■ AIM OF THE TASK ■
Starting from the top of the entries below and ending with the line containing "苏泊尔(SUPOR)抽油烟机 双腔拢烟顶侧双吸油烟机灶具套装 24立方大吸力变频烟灶", restate every line word for word, pictures omitted.

═══ DATA FOR ANALYSIS

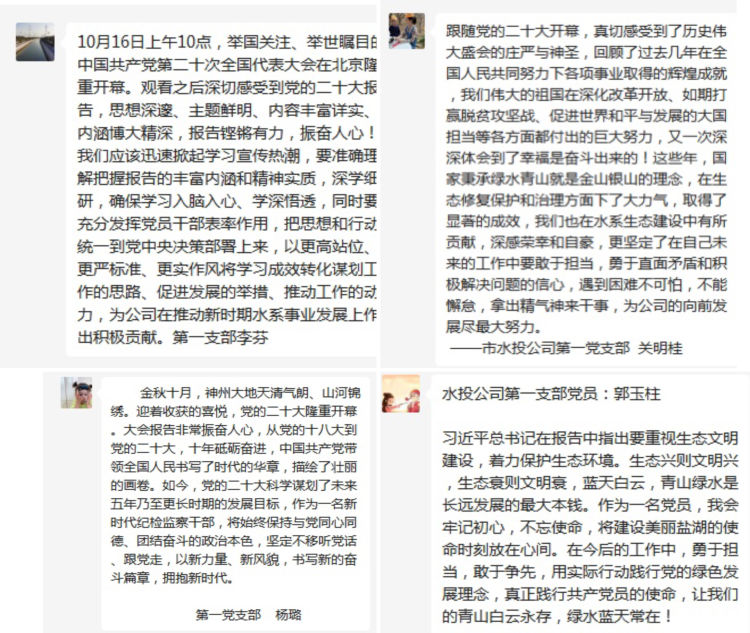 習近平總書記的報告中指明了生態(tài)文明建設的重要意義,特別強調(diào)了要“推動綠色發(fā)展,促進人與自然和諧共生”,令人振奮、催人奮進,大家紛紛感言,要把黨的二十大精神作為當前和今后一項重要政治任務,要學以致用,立足本職崗位,突出工作重點,用黨的二十大精神指導實踐,做好中心城區(qū)重點水系項目推進工作,推進黑臭水體治理,強化水質(zhì)提升,解決城區(qū)排澇問題,把黨的二十大精神轉(zhuǎn)化為推進公司發(fā)展的強大動力和生動實踐,努力在新時代新征程上展現(xiàn)新氣象新作為。
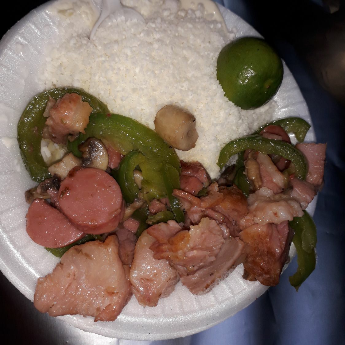Plato redondo con chaska cocida o asada preparada con mayonesa o aderezo bañada con queso sierra y acompañado con trocitos de tocino salchicha y Chile Chile morrón
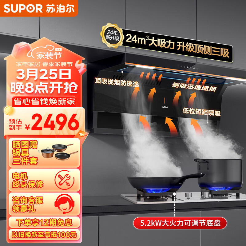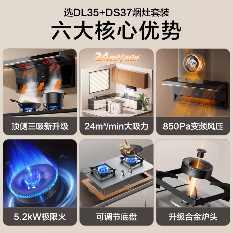 苏泊尔(SUPOR)抽油烟机 双腔拢烟顶侧双吸油烟机灶具套装 24立方大吸力变频烟灶 家用油烟机燃气灶 DL35+DS37液价格:2496.00元!
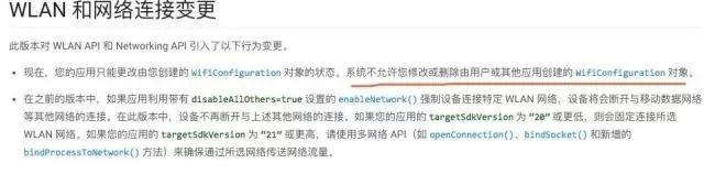 注意:我翻译下,官方的意思是说由用户手动创建和其他app创建的WifiConfiguration配置信息是不能被我们修改的。明白了吗?和切换没有什么关系。因为我们不修改,只是连接切换操作。
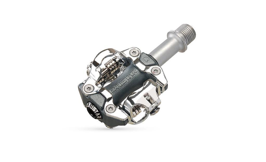 Bílé nášlapné MTB pedály Exustar E-PM213-WH mají odolné hliníkové tělo s osou CrMo a tenkým dvojitým ložiskovým systémem. Kufry EPS-M jsou kompatibilní se systémem Shimano MTB. Tenzometr (měřič odporu) umožňuje přesné nastavení síly odporu. CrMo osa je obráběná CNC.
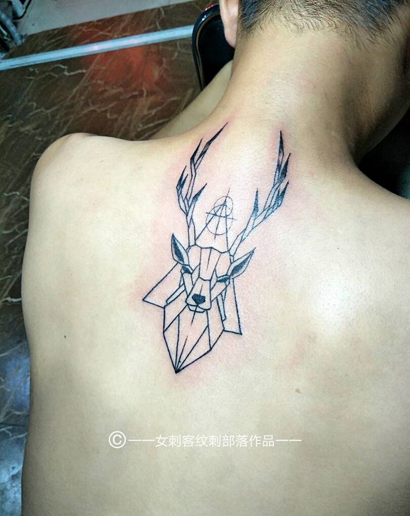 当前位置: 首页 >湖南省怀化市纹身店-湖南怀化女刺客纹刺部落纹身图案>鹿纹身图片_背部清新几何动物纹身图案
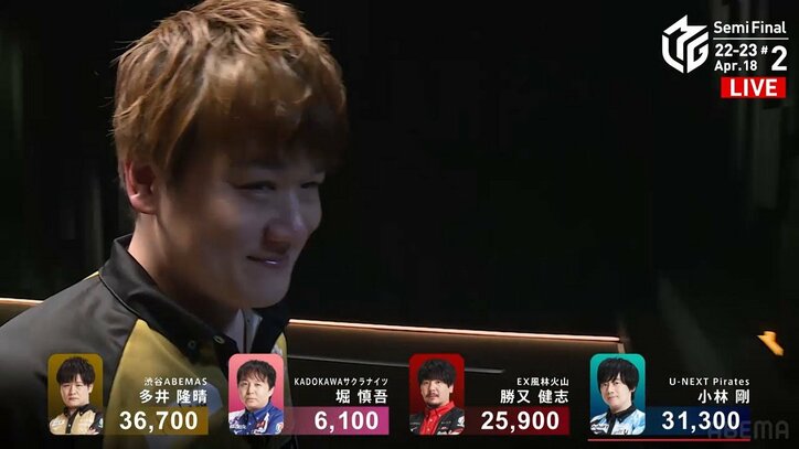控室まで我慢できない?“麻雀星人”多井隆晴、トップ直後にドヤ顔溢れる「不敵な笑み」「どやはる」/麻雀・Mリーグ Mリーグ 2023/04/19 07:37 拡大する これもMリーグを牽引し続けるエンターテイナーとしての振る舞いか。4月18日、プロ麻雀リーグ「朝日新聞Mリーグ2022-23」セミファイナルシリーズ6日目の第2試合では、渋谷ABEMASの多井隆晴(RMU)が、熟練の打ち回しで先行逃げ切りに成功。試合を終えて控室へと戻る際、カメラに向かってドヤ顔を決める一幕があった。【映像】うれしさが溢れる 多井隆晴、去り際のドヤ顔 起家から多井、KADOKAWAサクラナイツ・堀慎吾(協会)、EX風林火山・勝又健志(連盟)、U-NEXT Pirates・小林剛(麻将連合)の並びでスタートした当試合、多井はテンパイ流局で迎えた東1局1本場でリーチ・ツモ・平和・三色同順・ドラの親跳満・1万8000点をアガった。「大丈夫です。(点数が)高かったので。大丈夫です」。早々にリードを奪ったことで、その後は百戦錬磨の打ち回しで卓上をコントロール。アガリ1回、放銃ゼロで試合を終えると、会場は渋谷ABEMASのチームカラーである金色に染まった。 続きを読む
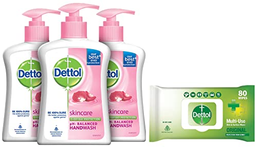 Dettol Liquid Handwash Dispenser Bottle Pump -Â Skincare Moisturizing Hand Wash (Pack of 3 - 200 ml each) | Antibacterial Formula | 10x Better Germ ProtectionBe 100% sure to protect your skin from 100 illness-causing germs and bacteria. Use Dettol's Skincare Germ Protection Handwash Liquid Soap pH balanced formula every day and keep your hands hygienically clean and refreshed. This hand wash provides soft and rich lather leaving behind clean hands and fragrance. The trusted germ-protection modus operandi acts like a barrier between your hands and a wide range of unseen germs. The soap-free formula with glycerin makes sure to keep your skin moisturised while the plant derived cleansers help ensure thorough cleaning. Dettol handwash also contains more than 85% naturally derived ingredients with no TCC & Triclosan giving another healthy reason for hand washing whenever in need. Wash hands properly with Dettol and help keep your family healthy! Safety Information: Keep out of reach of children unless under adult supervision. Avoid direct contact with eyes. For external use. In case of contact with eyes rinse immediately with plenty of water. If persistent irritation occurs seek medical attention.Dettol Disinfectant Sanitizer Wet Wipes for Skin & Surfaces Original â 80 Count| Moisture-Lock Lid | Safe on Skin | Ideal to Clean SurfacesDettol's Disinfecting Skin & Surface Wipes are Safe on Skin Ideal to Clean Multiple Surfaces Easy to carry with a resealable Moisture-lock lid. Dettol disinfecting wipes are practical for everyday use on furniture taps sinks door knobs kitchen bathroom surfaces floor cleaning childrenâs surfaces and places that are germ hotspots. It can be used on most hard non-porous surfaces including Finished Wood Sealed Marble Stainless Steel Laminated Floors Glass and Plastic.
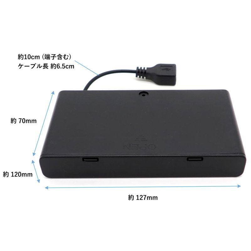 ●サイズ (電池ボックス) 約127 × 70 × 20mm (USBケーブル) 約10cm (端子含む) ケーブル長 約6.5cm

══════

■ REPLY TO THE EXERCISE ■
 習近平總書記的報告中指明了生態(tài)文明建設的重要意義,特別強調(diào)了要“推動綠色發(fā)展,促進人與自然和諧共生”,令人振奮、催人奮進,大家紛紛感言,要把黨的二十大精神作為當前和今后一項重要政治任務,要學以致用,立足本職崗位,突出工作重點,用黨的二十大精神指導實踐,做好中心城區(qū)重點水系項目推進工作,推進黑臭水體治理,強化水質(zhì)提升,解決城區(qū)排澇問題,把黨的二十大精神轉(zhuǎn)化為推進公司發(fā)展的強大動力和生動實踐,努力在新時代新征程上展現(xiàn)新氣象新作為。
Plato redondo con chaska cocida o asada preparada con mayonesa o aderezo bañada con queso sierra y acompañado con trocitos de tocino salchicha y Chile Chile morrón
 苏泊尔(SUPOR)抽油烟机 双腔拢烟顶侧双吸油烟机灶具套装 24立方大吸力变频烟灶 家用油烟机燃气灶 DL35+DS37液价格:2496.00元!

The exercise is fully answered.